Blog Yazıları

FLOORTIME’IN HEDEFİ (DIR)

Floortime’ın iki temel hedefi vardır. İlk hedefi çocuğun doğal ilgilerini takip etmek ve çocuğa yol göstermektir. Çocuğun ilgisini takip ederek onun duygusal ve duyusal açıdan nerede olduğunu daha görüp ilgilerini, isteklerini gözlemleyerek neleri eğlenceli bulduğunu onu neyin motive ettiğini keşfederiz.
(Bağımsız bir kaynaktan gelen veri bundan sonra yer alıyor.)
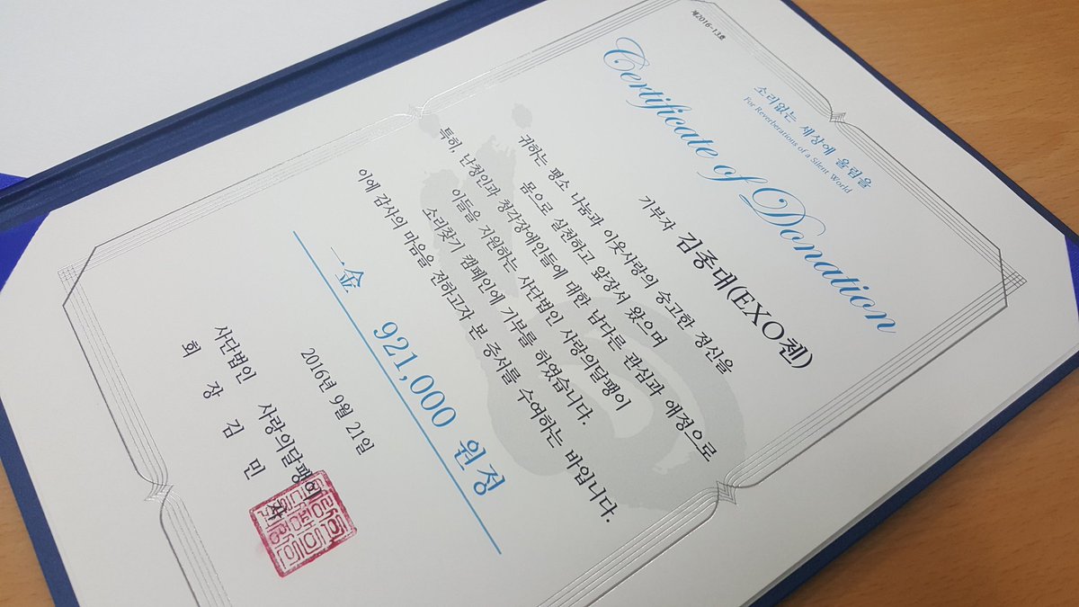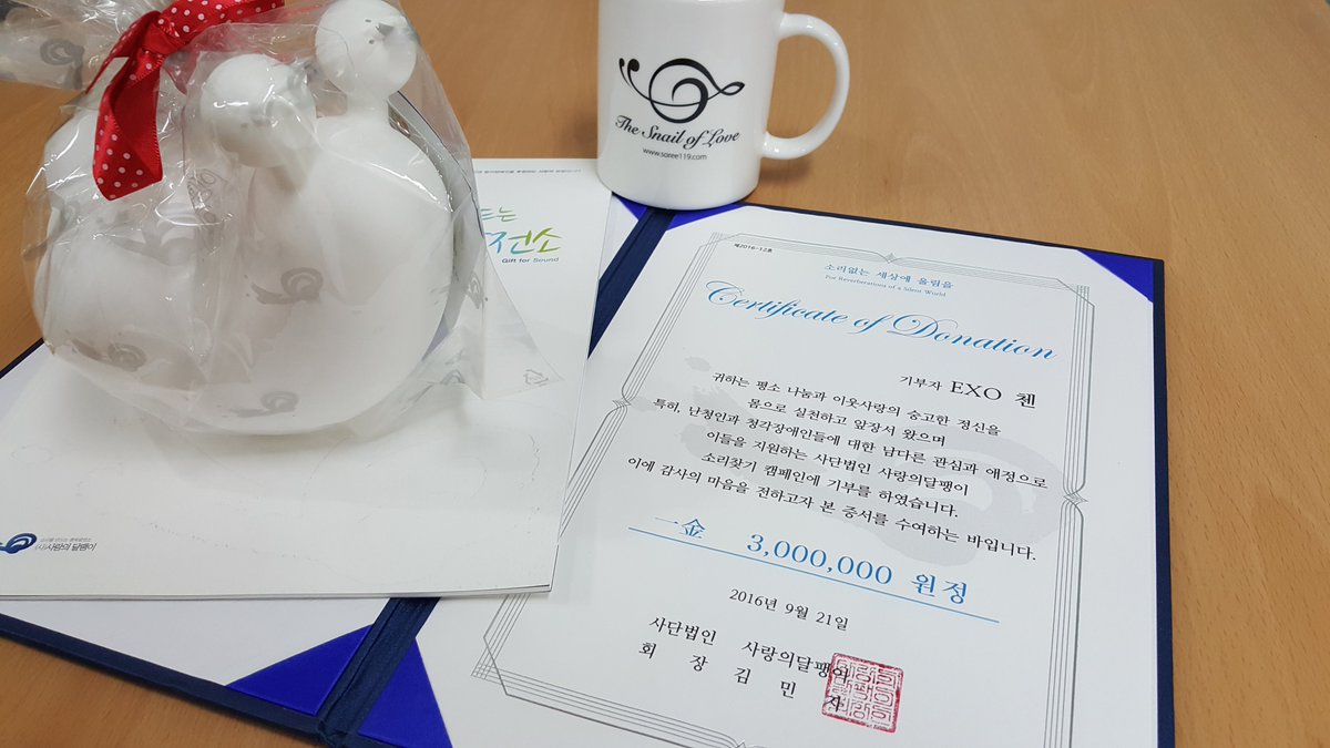오늘 #EXO #첸 팬클럽 #종대의럭키원순딩이들 에서 청각장애인을 위한 인식개선사업에 사용해달라고 기부금을 전달하였습니다.

Buradan yola çıkarak oynadığı oyunları genişletip bir üst basamağa geçebilmesine yardımcı oluruz. İkinci hedefimiz ise çocuğun bizlerle iletişime geçebileceği, paylaşılan dünyanın içine çekmektir. Birçok nedenden dolayı çocuk kendi dünyasının içine girip bizlerle iletişimi reddediyor olabilir. Bu noktada yine çocuğun ilgisini takip edip hoşlandığı şeyleri anlayıp ona eşlik etmek ve ona saygı göstermek çok önemlidir. Bu yolla çocuk kendisini bize daha yakın hissedip iletişime geçecektir. Çocuk bir kez bizimle birlikte olmaktan hoşlanmaya başladığında, onun ilişki kurma, iletişime geçme gibi yetenekleri gerçekleştirmeye başlamasına yardımcı olabiliriz.

Özet olarak DIR Floortime çocuğu izleyip onu kendi dünyamıza çekmeyi ve bunu yaparken çocuğun bireysel farklılıklarını, fonksiyonel duygusal gelişimini, aile kalıplarını göz önünde bulundurarak çocuğun gelişim basamaklarını çıkmasına yardımcı olmaktır. Çocukla çalışırken kendi kişilik özelliklerimizi de göz önünde bulundurmalıyız. Çalışmalar sırasında çocuğun enerjisi ile kendi enerjimizin uyuşup uyuşmadığı, çocuğa göre esneklik gösterip göstermediğimiz önemlidir.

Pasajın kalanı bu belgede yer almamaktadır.